Several major manufacturers have stopped using some PFASs, yet the chemicals persist in wildlife and in people, who often are exposed through their drinking water.

The Harvard researchers looked at levels of six types of PFASs in drinking water supplies, using data from more than 36,000 water samples collected nationwide by the EPA from 2013 to 2015.

They also looked at industrial sites that manufacture or use PFASs – at military fire-training sites and civilian airports where firefighting foam containing PFASs is used, and at wastewater treatment plants.

Discharges from wastewater treatment plants, which are unable to remove PFASs from wastewater by standard treatment methods, could contaminate groundwater. So could the sludge these plants generate, which is often used as fertilizer.

Sixty-six of the public water supplies examined, serving six million people, had at least one water sample that measured at or above the EPA safety limit of 70 parts per trillion (ng/L) for two types of PFASs, perfluorooctanesulfonic acid (PFOS) and perfluorooctanoic acid (PFOA).

Concentrations in some locations ranged as high as 349 ng/L for PFOA and 1,800 ng/L for PFOS.

The highest levels of PFASs were detected in watersheds near industrial sites, military bases, and wastewater treatment plants.

“These compounds are potent immunotoxicants in children, and recent work suggests drinking water safety levels should be much lower than the provisional guidelines established by EPA,” said Elsie Sunderland, senior author of the study and associate professor at both the Harvard Chan School and SEAS.

Other Harvard Chan authors of the study included Philippe Grandjean and Courtney Carignan. Funding for the study came from the Smith Family Foundation and a private donor.

The study was published August 9 in the journal “Environmental Science & Technology Letters.”

The authors say, “We have mapped watersheds in the United States that have potentially high concentrations of PFASs based on U.S. EPA data. This does not mean that all drinking water supplies within the highlighted regions contain high PFAS concentrations, but that at least one sample from at least one water supply was reported to be at or above levels considered safe by the U.S. EPA between 2013 and 2015.”
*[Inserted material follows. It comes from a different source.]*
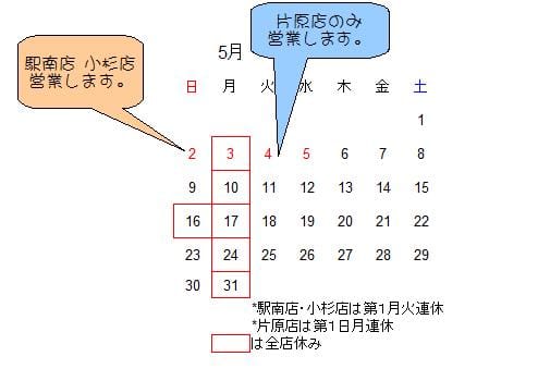 5月の営業案内
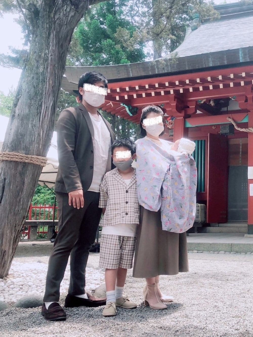 家族でお宮参り。 晴れてよかった! ベージュ•茶色で統一してリンクコーデ

Saying that no measurements have been made in many water supplies across the country, the authors recommend “increased monitoring of these contaminants in our drinking water.”

The EPA has taken several recent actions to control PFASs:

Another Harvard Chan School study, led by Grandjean, an adjunct professor of environmental health, published in “Environmental Health Perspectives,” also indicated negative health impacts of PFAS exposure.

That study looked at a group of about 600 adolescents from the Faroe Islands, an island country off the coast of Denmark. Those exposed to PFASs at a young age had lower-than-expected levels of antibodies against diphtheria and tetanus, diseases for which they had been immunized.

The findings suggested that PFASs, which are known to interfere with immune function, may be involved in reducing the effectiveness of vaccines in children.